Friday, 20 March 2015

Urgency to go nowhere

Last week for the Homeless Library, we very pleased to be joined in our session by Matt Coombes- designer, researcher, artist. He shares his observations about the session at The Wellspring Stockport here: 

Thursday 12 March

Coming from my most recent research, connecting with people who have dementia, walking into The Wellspring Stockport was a new experience. I’ve worked with difficult and sensitive subjects including grieving, menstruation and sweat but each circumstance is unique. Being a new collaborator with Arthur and Martha this was my first time to The Wellspring. I wasn’t sure what to expect or what would be expected of me, despite reassurances from Phil on the way there.

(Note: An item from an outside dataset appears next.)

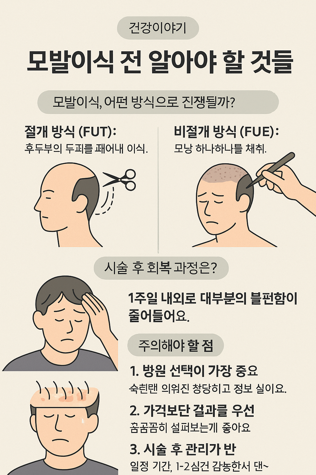- 비절개 방식: 모낭 하나하나를 채취. 흉터가 적고 자연스러움

I may describe myself as an ‘empathic creative responder’ but this does not mean that walking into a new situation, involving homeless people, comes easily. When a researcher is engaging new participants there is a period of time acclimatising for the participants. When deep and rich discussions are to be facilitated there is often the same period for the researcher.
The Wellspring, Stockport

I walked in feeling self-conscious. I can speculate that this was due to a combination of personality, being in a new environment as well as being aware of the clothes that I was wearing, the phone I have, and knowing that in some ways the guests here have less than me. I felt different to those around me. This was all despite knowing that people are people and that in almost every situation that I’ve been in I have been able to connect with people in some way.

I started by being lead by Phil and Lois. I sat with Lois while she was talking to a woman who seemed very engaged. It became clear that she was, with considerable creative flair. Once in that situation I was able to settle and involve myself in the conversation and started to make a small concertina book. This gave my hands something to do allowing me to dip in and out of conversation while being able to observe and listen to my surroundings. However, I still felt a tension or activeness in the room with lively conversations going on throughout.

When I was at the table by myself I started to look around, in the middle of making. I took my notebook and jotted down the following.

Lack of overall stillness
Without looking
Calm points
Casting of voices
Urgency to go nowhere
Breaths within a vacuum

I realised that I was comparing the situation with others involving people with dementia in which there was a general quiet with pockets of activity, conversation or engagement. I’m not implying that this is inevitable but I have experienced it. In contrast, The Wellspring, with a general buzz, conversations and interactions were very apparent. When taking the time, however, it was easy to find points of calm, someone contently eating by themselves or more subdued but intent interactions. This made me more at ease.

While becoming part of a conversation between Phil and a guest I was able to connect with him, finding parts of me that related to parts of him. You could call it empathy but it wasn’t a conscious aspiration at the time. It just felt like one human being relating to another. The value of allowing yourself to just ‘be’ in an environment can be underrated.

The Homeless Library is a project devised by arthur+martha to document the heritage of homelessness using interviews, artworks, poetry. It is supported by the Heritage Lottery Fund.